Capítulo Dois: Xiao Lang
“Vou acabar com ele, vou acabar com ele, esse orgulho precisa ser recuperado! Caso contrário, nem dentro da Academia Marcial, nem na Cidade do Rei dos Remédios, haverá lugar para mim, Situ Zhanye!”
Apesar de que, após o duelo, foi ele, Situ Zhanye, quem saiu de cabeça erguida, e apesar de Xiaolang ter colaborado fingindo-se de derrotado, e de ele já ter lavado discretamente o líquido amarelo de sua túnica, a sensação pegajosa no entrepernas, assim como o rosto demoníaco que surgia em sua mente, lembravam-no constantemente da humilhação que sofrera naquele dia.
“Pedir ajuda aos poderosos da família?”
Situ Zhanye descartou imediatamente essa ideia, pois, se a família soubesse, ele não escaparia de punição, e pelo menos por um bom tempo não teria chance de se destacar na família.
“Isso mesmo! Quando o primogênito voltar, vou atiçar as chamas, e com o temperamento dele, certamente vai eliminar Xiaolang! Sim! É isso que vou fazer!”
Situ Zhanye bateu na própria coxa, determinado, e relaxou. Ele conhecia bem o temperamento do primogênito da família Situ; ao pensar que Xiaolang não teria vida fácil, o sentimento de humilhação diminuiu um pouco.
Xiaolang não entrou no pátio; para todos, ele parecia ter ficado atordoado. Atordoado pela derrota, sem coragem de aparecer diante dos outros.
Sentou-se na beira de um bosque, em meio a um tufo de capim, curvado, com uma folha de capim entre os dentes, sem emoção no rosto, mas no dorso havia uma tristeza impossível de ocultar.
“Este mundo maldito... Não posso acessar a internet, não posso jogar videogame, não posso assistir filmes do Japão, só intrigas e lutas, que tédio, que tédio!”

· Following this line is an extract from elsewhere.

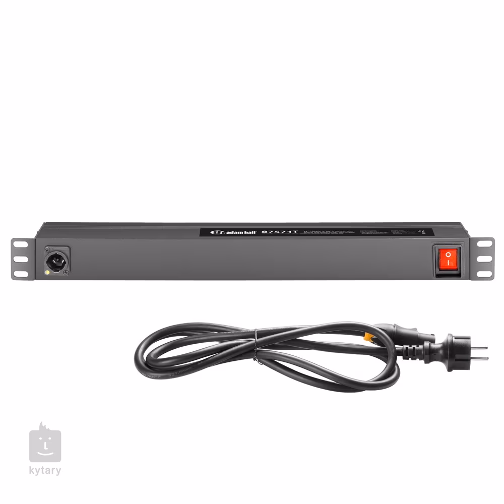 Adam Hall 87471 T je napájecí zásuvková lišta v provedení 19" 1U rack jednotky, která obsahuje 8 CEE 7/7 zásuvek s provozním napětím 250 V a maximálním proudem 16 A. Zásuvky lze otočil o 45°, lišta má odnímatelný napájecí kabel o délce 1,4 m.

Xiaolang cuspiu o capim, abraçou a cabeça com as mãos e deitou-se no gramado, olhando para o céu azul, olhos semicerrados e o rosto amargurado.
É isso mesmo!
Ele era um renascido, um viajante entre mundos. Os três anos mais dolorosos do ensino médio, ele havia sobrevivido, dedicado, estudando com afinco, abriu caminho com esforço, atingindo as metas perfeitas. Entrou no curso principal, mas ao sair da prova, tudo escureceu, vomitou sangue, e acabou neste mundo chamado Continente das Almas Divinas.
Já fazia mais de dez anos que estava neste mundo, mas não era tão divertido quanto imaginara. Esforçou-se por anos no cultivo. Hoje, sua força era superior à de Situ Zhanye, mas teve que se fingir de derrotado, o que o deixou extremamente insatisfeito!
“Que vida miserável... quando poderei ser livre e despreocupado?”
Xiaolang suspirou suavemente, mas seu ouvido tremeu; sua percepção apurada percebeu alguém se aproximando. Quando viu uma barra de saia branca pelo canto do olho, seu rosto se tornou ainda mais amargo.
“O que é liberdade? Esforçar-se a vida inteira, saltar do círculo dos guerreiros humildes para o dos aristocratas, ter poder e influência, será isso a verdadeira liberdade? Heh, isso não passa de trocar uma prisão por outra.”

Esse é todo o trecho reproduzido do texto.